You can continue to come up with and install more “safety” or warning systems to the point of everything “crying wolf”. At that point pilots will just ignore that warning or pull circuit breakers to shut that system off. Whether that is right or not it is human nature to figure out a way around such systems. All the warning systems in the world will not help at this point.
Really excellent report.
I would just observe a couple of things: the ‘higher requirement for visibility for some ILS’s’ is of course partly a factor of the approach speed. So not an entirely fair comparison.
I would also comment that Part 121 airplanes also spend a proportion of their flight close to the ground (and in some cases obstacles). So the inference that proximity to the ground is responsible for the difference in safety doesn’t quite work for me. It’s more to do with what mitigation’s exist for that? Fixed wing that are close to the ground are usually in protected radar controlled airspace, with a controlled set of parameters.
Finally, doesn’t the old adage ‘if you think safety is expensive, you wanna try having an accident’ apply? Just ask Boeing…
Not to “… get into the weeds”, but I did say “crew.” I’m an advocate of the built-in safety advantages of “challenge/response.”
I had a job flying 135 in the 1980’s, working for a small company, and back then its entire fleet was propeller-driven. Every passenger-carrying flight – Seneca, Navajo, Baron, KingAir – had a two-person crew. Yes, plenty of people fly these planes single-pilot, but I know and appreciate the logic of the company’s owners. First of all, pairing a newbie with an experienced pilot means good training opportunities. Second, each flight was an exercise in CRM, which adds safety to any operation, and paid off later as the company acquired jet aircraft. Finally, due to the payscale at the time, pilots were shall we say an affordable expense, especially compared to the cost of an accident. Two heads in the cockpit are better than one, and having that second person was if nothing else, really cheap insurance. I still prefer flying with another pilot, simply because s/he might notice something I missed, especially in busy airspace or during an emergency, which improves safety. I wonder if the outcome of the Kobe Bryant flight might have been different had there been two pilots in the cockpit.
1 replyThe crash site is along a very common helicopter route charted on the Los Angeles Helicopter Route charts. Why not an AWOS such as the passes in Colorado, et al? Also, why did Kobe and his handlers so some voluntary compliance by using a later model of the S76, with AGPWS, TCAS, DFDR, and DCVR? That’s the Queen of England’s ride, complete with two IFR current pilots and use of instrument flight rules when necessary. The later model also has WAAS. Kobe’s destination was KCMA with a very nice LPV approach. They could have filed IFR KSNA-KCMA, coupled to the LPV at CMA, and the autoflight would have flown the approach to a hover. What could be better than that on a marginal weather day, for a big bucks operations?

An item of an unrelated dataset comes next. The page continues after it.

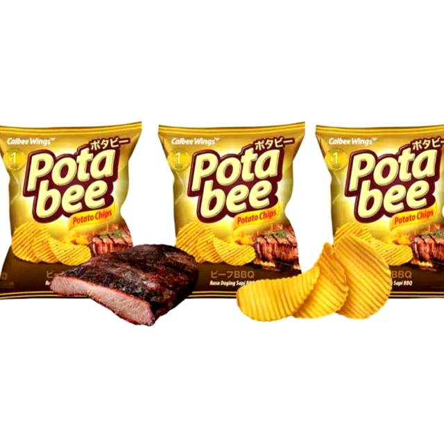 POTABEE REGULAR BBQ BEEF UKURAN 68GR Potabee potato chips bbq, keripik kentang rasa daging sapi bbq. Komposisi: kentang, minyak kelapa sawit (mengandung antioksidan butil hidrokinon tersier/TBHQ, perisa identik alami sapi panggang (mengandung penguat rasa (mononatrium glutamat, dinatrium 5'- ribonukleotida), ekstrak daging sapi, bubuk lada hitam.

1 replyActually, Graham, quite a few ILSs have higher than the standard half mile. My old homebase at Oxford, Connecticut has 3/4 for all categories. Down the road a piece in Bridgeport, it has the same mins.
I don’t think so. I’m not suggesting TAWS is a bad thing. I am saying I don’t think it would have done anything to change the outcome in this case. Getting ahead of the NTSB a bit - This helicopter was flow in low visibility “successfully”, they did not hit any obstacles. The problems started when they entered the clouds and the pilot was unable to keep control of the machine. Once control was lost it is doubtful that a box complaining about or diagramming rock formations would have been helpful. I’d argue, and the NTSB did also in the MAX cases, that all the boxes screaming might be consuming important decision making capacity at a time when the pilot needs all they have.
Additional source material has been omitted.